During this 64-bit testing, most of the time the wired connection was fine, however sometimes it would drop and not come back while I was trying different wireless settings in the Network control panel (but if I rebooted it would come back). Annoyed with that, I changed the wired connection from auto-roam to dhcp, and the wired connection just stopped working even across reboots, which I find just bizarre.

Anyone have any idea what is going on? Something seems seriously fubar. I've never had this much trouble with any linux distro.

nray
April 24th, 2008, 11:37 PM
Ok, since I haven't gotten any replies, I decided to start trying the non-intuitive things.

Leaving my wired connection set up with roaming mode off and dhcp on, and wireless set up manually with a static IP and manual connection settings to my wireless router, I UNCHECKED the wireless connection in the Network Settings GUI panel and closed it, and guess what? Wireless works, and wired works too.

Could someone now explain what is going on? This behavior seems the near exact opposite of what it should be doing.

kutjara
April 25th, 2008, 01:36 AM
I feel your pain. I had similar problems trying to get a Broadcom BCM4328 wireless card working with NDISWrapper in 64 bit hardy. In the end, I got the card working, but couldn't for the life of me make WPA work (which pretty much made the card useless).

I have an Atheros AR5007EG on my Acer Aspire standby laptop. I'm running 32 bit Hardy on it, but the card works beautifully with the prepatched driver you can download from here:

http://madwifi.org/ticket/1679

This fixed the problem Madwifi had with this card (at least it did for me).

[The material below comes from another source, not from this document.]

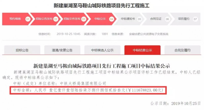 10月25日“新建巢湖至馬鞍山城際鐵路項目先行工程施工項目中標結果公示”中鐵大橋局集團有限公司以111678823.00元中標。

When I couldn't get the Broadcom card in my primary laptop to work in 64 bit Hardy, I bought a Belkin F5D5070 (which uses the Ralink rt73 chipset). I installed the Serialmonkey drivers (www.serialmonkey.com), and they worked perfectly (with WPA and everything). You should also use the RutilT GUI network manager, which can be downloaded from the same site, and works nicely with the driver.

If you haven't already, give these solutions a try, and let me know how it goes.

nray
April 27th, 2008, 12:48 PM
I have an Atheros AR5007EG on my Acer Aspire standby laptop. I'm running 32 bit Hardy on it, but the card works beautifully with the prepatched driver you can download from here:

http://madwifi.org/ticket/1679


That is not an option for me in 64-bit:

http://madwifi.org/wiki/Releases/0.9.4

"An experimental patch that adds AR5007 support at least for i386 (32bit) is attached to ticket #1679"

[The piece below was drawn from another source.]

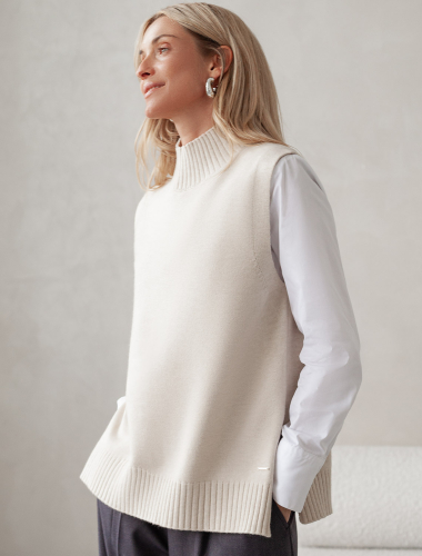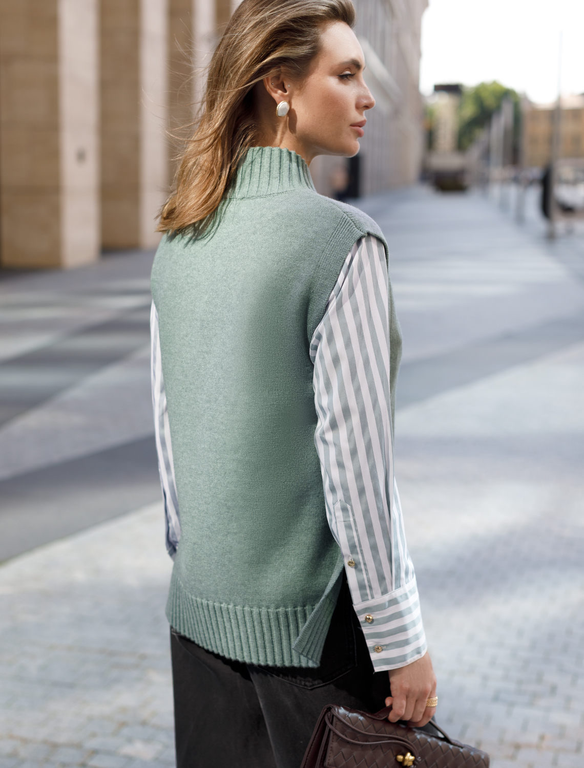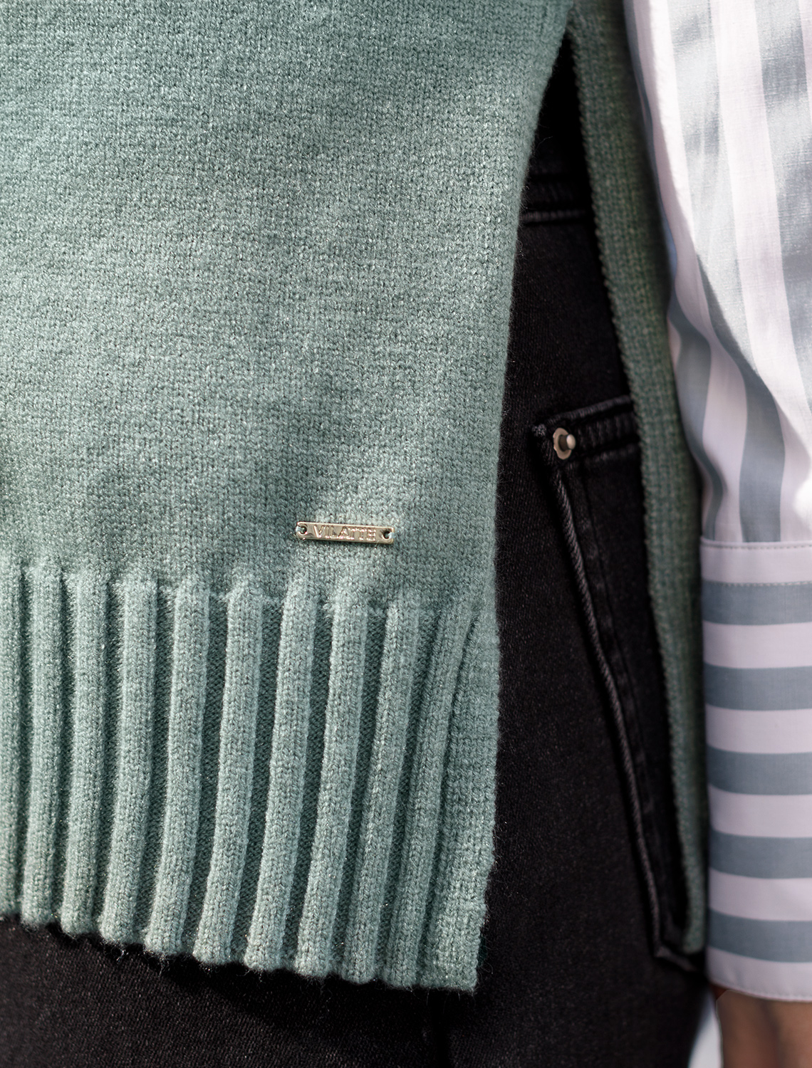 Жилет с воротом стойка выполнен из мягкой пряжи с кашемиром. Модель дополнена боковыми разрезами. Хорошо сочетается лонгсливами и блузками. Мягкая пряжа очень приятная к телу, поддержит комфорт на протяжении всего дня, при этом не перегревая. Сочетается в костюме с брюками D38.013, D38.012 и юбкой D36.016 светло-оливковый меланж

ndiswrapper is my *only* option in 64-bit, and it definitely does not work in 7.10, and I just tested 8.04, and while 8.04 solved the wired networking total wackiness and includes the usable ndiswrapper 1.50 instead of the older buggy 1.43, ndiswrapper still doesn't work.

And a word of warning to anyone trying the 7.4.2.75 with ndiswrapper from the http://www.atheros.cz/ website - don't. I did a ndiswrapper -i netathwx.inf and it appeared to work, but on reboot 7.10 and 8.04 *will* hang, 8.04 throwing the error "udevd-event[3179]: run_program: 'sbin/modprobe' abnormal exit".

So if anyone is going to try ndiswrapper in 64-bit with the AR5007EG, stick with the 5.3.0.56 drivers (not that I've gotten them to work, but at least ndiswrapper doesn't lock the computer up on boot with them).

nray
April 29th, 2008, 12:09 AM
Found a solution -

In at least 64-bit Ubuntu 8.04, with the ndiswrapper package (version 1.50 at the time of this writing), using the XP x64 5.3.0.56 driver, it is absolutely necessary to put this line into /etc/network/interfaces under iface wlan0 with your AR5007EG's hardware ethernet address where 00:00:00:00:00:00 is:

pre-up /sbin/ifconfig wlan0 hw ether 00:00:00:00:00:00

With that line in place, things worked they way they should in 64-bit. I didn't need that line in 32-bit Ubuntu 7.10 with ndiswrapper, but I needed it in 64-bit.

Tux0r
May 11th, 2008, 08:35 AM
Didn't work for me I have 5006EG
locks up at login, gonna have to reinstall Ubuntu because revert the changes doesn't help.

Tux0r
May 11th, 2008, 08:35 AM
may ndiswrapper burn in hell, this is not the first time it ruins Ubuntu for me.

Temüjin
May 11th, 2008, 08:46 AM
Hey now, ndiswrapper does a good job for me. It all depends on the quality of the Windows drivers you're using it with.